Primate urges new focus for Canadian church

Published November 1, 2007

Archbishop Fred Hiltz, primate of the Anglican Church of Canada, is urging Canadian Anglicans to find a balance between addressing issues that “consume us internally” such as human sexuality and those that call them to “serve the needs of the world.”

“We can’t allow one side of the scale to consume our energy,” Archbishop Hiltz told members of the Council of the North during its fall meeting, which he attended for the first time since his election as primate (national archbishop) last June. “What are we as a church doing about poverty, AIDS, justice, peace and ecology? Do we have a voice in Canadian society and the world?”

[pullquote]The primate suggested that Canadian Anglicans have been too focused on issues of sexuality, unity and governance. He said that during his recent travels since assuming the primacy, he sensed that “people are at a point in their lives where they are really committed to being a church that makes a difference in the world.” He added: “As someone wrote recently, they hope that the bishops, clergy and laity of the church would claim an authority that’s grounded and rooted in the compassion of Jesus. That’s where I’d like to see us go.”

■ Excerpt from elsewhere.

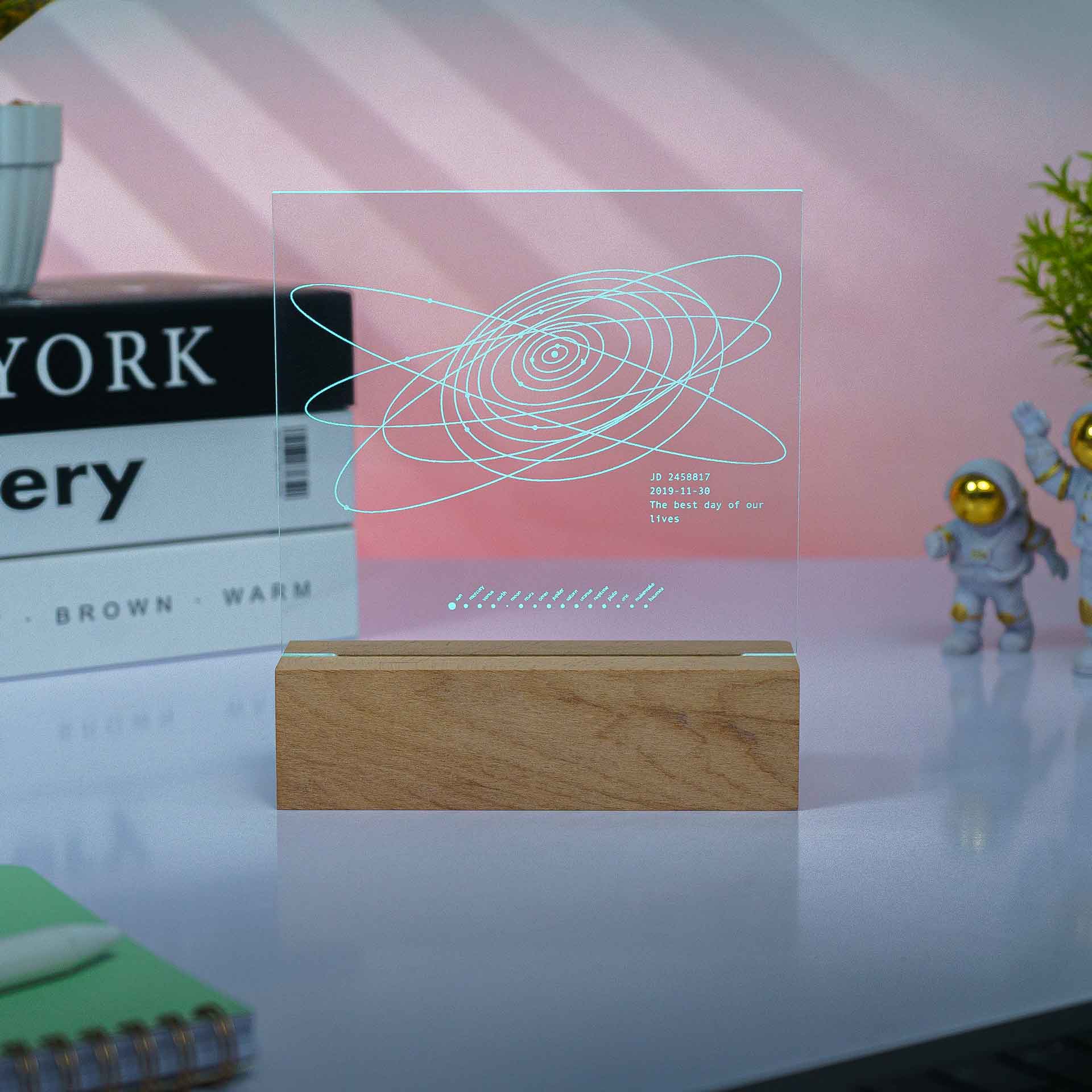 The Stars Coordinates is a custom Solar System alignment from the moment your heart skipped a beat. Was it your first kiss, the birth of a child, or that instant you knew your world had changed?

In an interview, Archbishop Hiltz said he intends to steer the church in this direction, particularly during meetings of the house of bishops and the Council of General Synod, the church’s governing body between the triennial meetings of General Synod. “If I have some input, which I trust I will, let’s have an agenda that addresses the important internal issues within the church and let’s balance that with other important issues that we are called to address as Gospel people.”

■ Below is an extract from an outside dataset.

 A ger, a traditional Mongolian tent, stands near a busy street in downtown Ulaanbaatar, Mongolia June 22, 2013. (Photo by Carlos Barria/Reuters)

Archbishop Hiltz also said that he intends not just to chair these meetings but also to “build a pastoral relationship” with people. He added that a “planning study” at the church’s national office in Toronto would help identify the church’s short-term and long-term goals.

The primate also pledged his support for the Council of the North, a grouping of financially-assisted dioceses, saying he would exercise “a ministry of presence, promotion and prayer.”

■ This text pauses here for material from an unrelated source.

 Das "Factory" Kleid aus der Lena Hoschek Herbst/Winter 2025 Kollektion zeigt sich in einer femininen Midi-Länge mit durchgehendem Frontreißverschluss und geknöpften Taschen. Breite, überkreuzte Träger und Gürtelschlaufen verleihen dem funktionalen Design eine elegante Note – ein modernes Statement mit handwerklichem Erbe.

He told the council gathering, “In your report to General Synod, I couldn’t help but be moved by the challenges that you’re facing – harsh climates, sparse populations, diminishing resources, and high incidence of exhaustion among clergy.” He said it is evident that the church is committed to continuing the ministry of the church in the North, citing General Synod’s support for resolutions guaranteeing steady funding for the next five years and allowing it to conduct its own fundraising efforts.

Archbishop Hiltz said that he was in for a “steep learning curve” when it comes to the Council of the North. He would like to learn more about the council’s relationship with the Anglican Council of Indigenous Peoples (ACIP).

“What’s the interplay between the council and ACIP?” he wondered, noting that the territory that both groupings cover “is in the same piece of geography.” He said that he wanted some clarity about the role and functions of groups and “how they are complementary; how they work for the good of the church.” (Please see related story, p. 8.)

Archbishop Hiltz said that he has also been in discussions with the National Anglican Indigenous Bishop Mark MacDonald about his (MacDonald’s) “emerging role and function, how he relates to the council, ACIP and diocesan bishops” and “how he can be a resource in these challenging times.”

Archbishop Hiltz also intends to make visits to the Council of the North dioceses a priority during his term. The Council includes the dioceses of the Arctic, Athabasca, Brandon, Caledonia, Cariboo, the deanery of Labrador (in the diocese of Eastern Newfoundland and Labrador), Keewatin, Moosonee, Quebec, Saskatchewan, Yukon and the parishes of the Central Interior (formerly known as the diocese of Cariboo).

Archbishop Hiltz also announced that he will travel to England’s Lambeth Palace where he will meet with the Archbishop of Canterbury Rowan Williams on Oct. 16, his first time as primate of the Anglican Church of Canada.

“There’s a custom around new primates having that opportunity to meet with the Archbishop of Canterbury,” said Archbishop Hiltz. “It will be an opportunity for me to reflect with him on the events around General Synod.” Archbishop Hiltz will also visit the Anglican Communion office and meet with Canon Gregory Cameron, deputy secretary general of the Anglican Communion.